AS Watson, which generated US$19.2 billion in revenue last year from some 11,000 outlets worldwide, is already the market leader in personal care in China - a fragmented landscape of mainly small mom-and-pop stores where the top 10 firms control less than 5 per cent. AS Watson leads with just a 1.6 per cent share of the market that was last year worth US$134 billion.
“China has been AS Watson’s growth engine, and given the huge growth opportunity and attractive returns, we would expect part of any IPO proceeds to support the expansion of the Watsons franchise there,” said Chan. Watsons is the brand under which the health and beauty retailing business operates.
Since 2008, it has tripled its China store count to 1,438, adding more than a store a day on average last year.
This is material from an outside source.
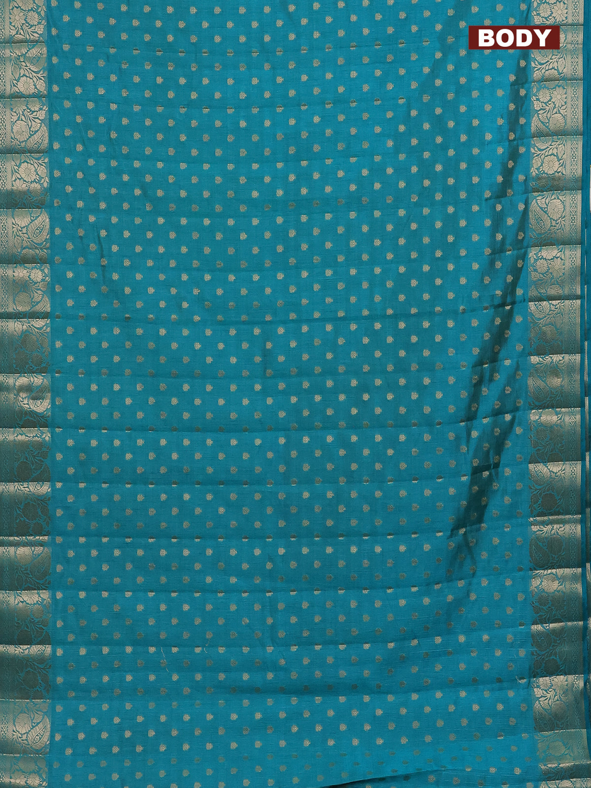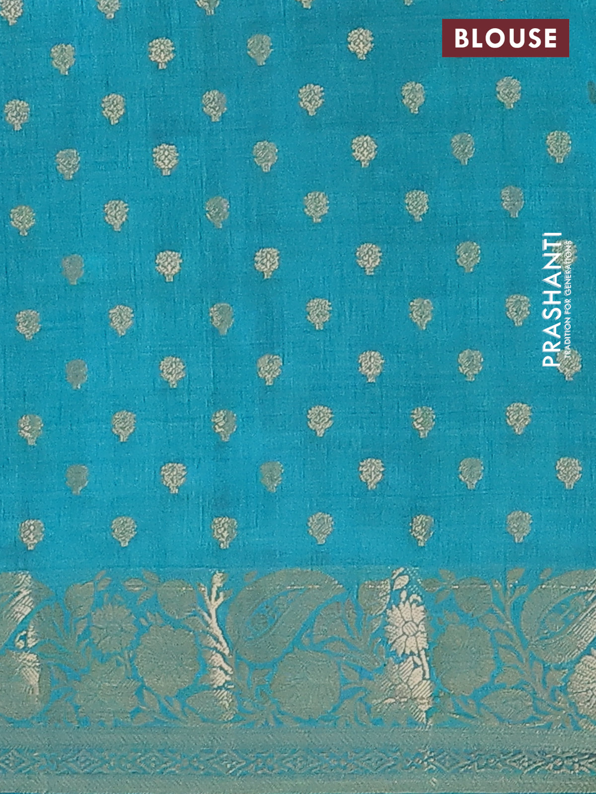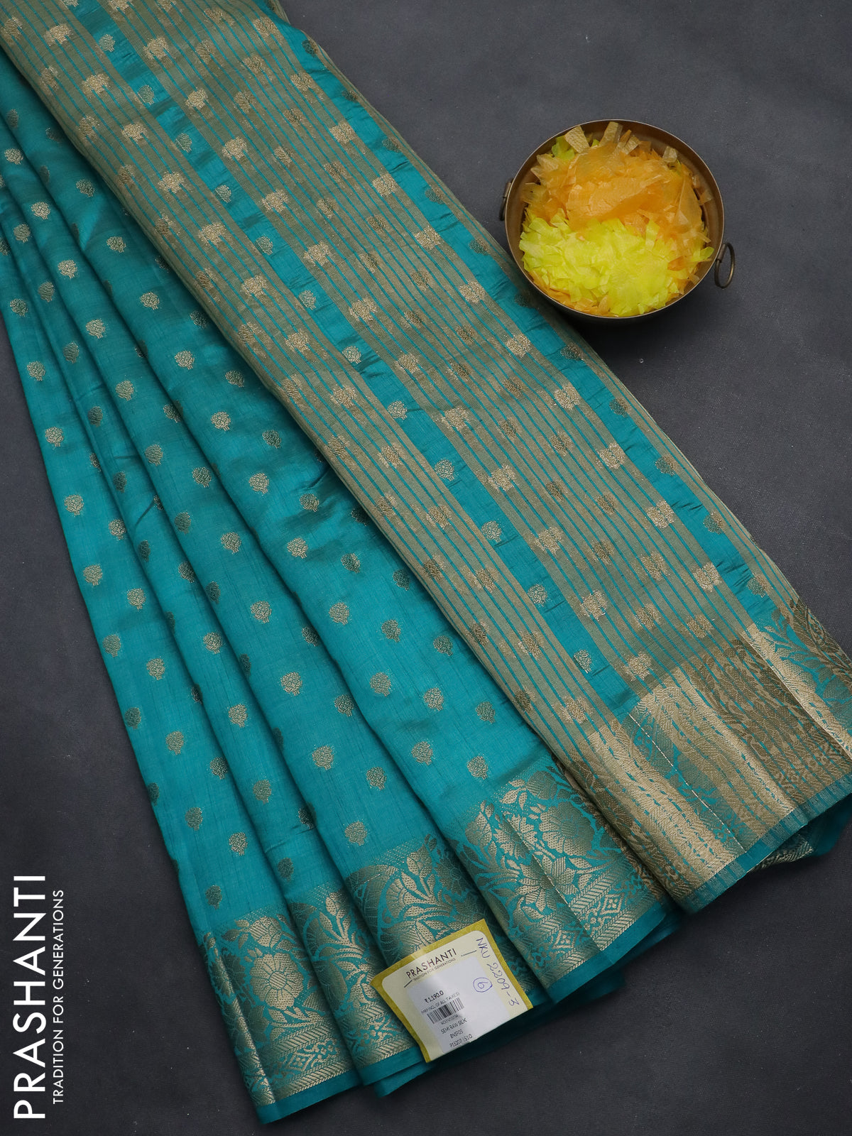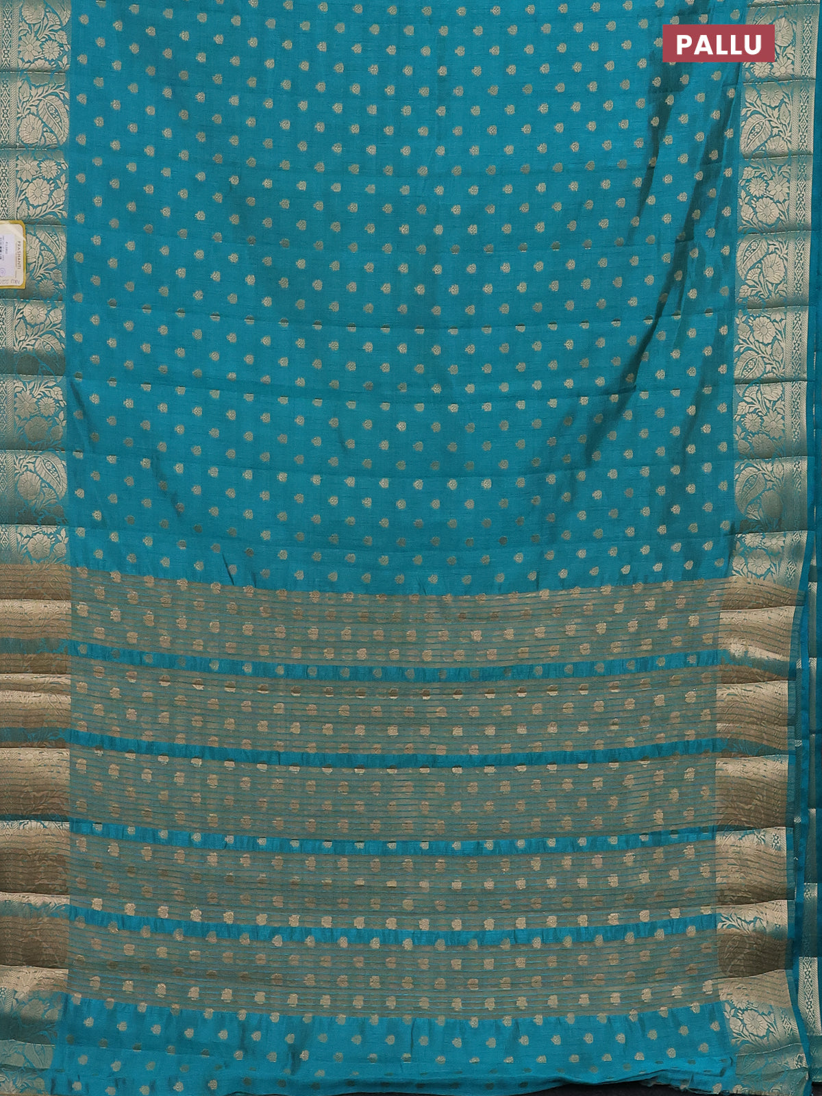 Semi raw silk saree teal blue with allover zari woven 1000 buttas and zari woven border

Its China operating profit has grown four-fold to more than HK$3 billion in that period. The business has a near-20 per cent operating margin.
By comparison, Mannings has said it plans to grow its network of stores across China, which stood at 187 last year, while Alliance Boots has struck two deals to expand in China, with one of its partners owning 500 retail stores. State-backed China Resources owns 165 health and beauty Vivo stores in China.
China Resources declined to comment for this article. Dairy Farm and Alliance Boots did not reply to emails seeking comment.
Li, dubbed “Superman” in Hong Kong’s business centre because of his financial record - he built a sprawling ports-to-telecoms empire from a plastic flower business in the 1960s - is targeting fast growing lower-tier cities for his expansion plans across China, said people familiar with the matter. A spokesman for Hutchison Whampoa declined to comment, noting only last week’s statement mentioning the AS Watson strategic review.
China accounts for 24 per cent of AS Watson’s operating profit, but only 13 per cent of its retail store count - two thirds of the group’s stores are in Europe. Its China health and beauty retailing business recorded 17 per cent revenue growth last year, the fastest among the group’s geographies.
Western Europe’s health and beauty retail market shrank 8 per cent last year and is forecast to grow just 4 per cent by 2015, to around US$306 billion, Euromonitor forecasts.
“Certainly, growing organically in China makes a lot of sense given the returns,” said CLSA analyst Jonathan Galligan. “They could also build more scale in Southeast Asia and you could see them making acquisitions in retail space in Europe, something they haven’t done in size since 2006.”
If the strategic review does result in an offering of AS Watson stock, any deal of more than US$6 billion would make it Asia Pacific’s biggest IPO in three years, according to Thomson Reuters data.
The AS Watson review is the latest move by Li - ranked by Forbes as the eighth richest person in the world, with a near US$31 billion fortune - that some commentators have suggested shows he is cutting his exposure to Hong Kong and freeing up cash to invest elsewhere. Last month, Li announced plans to list his Hong Kong power assets in a deal that could raise about US$5 billion.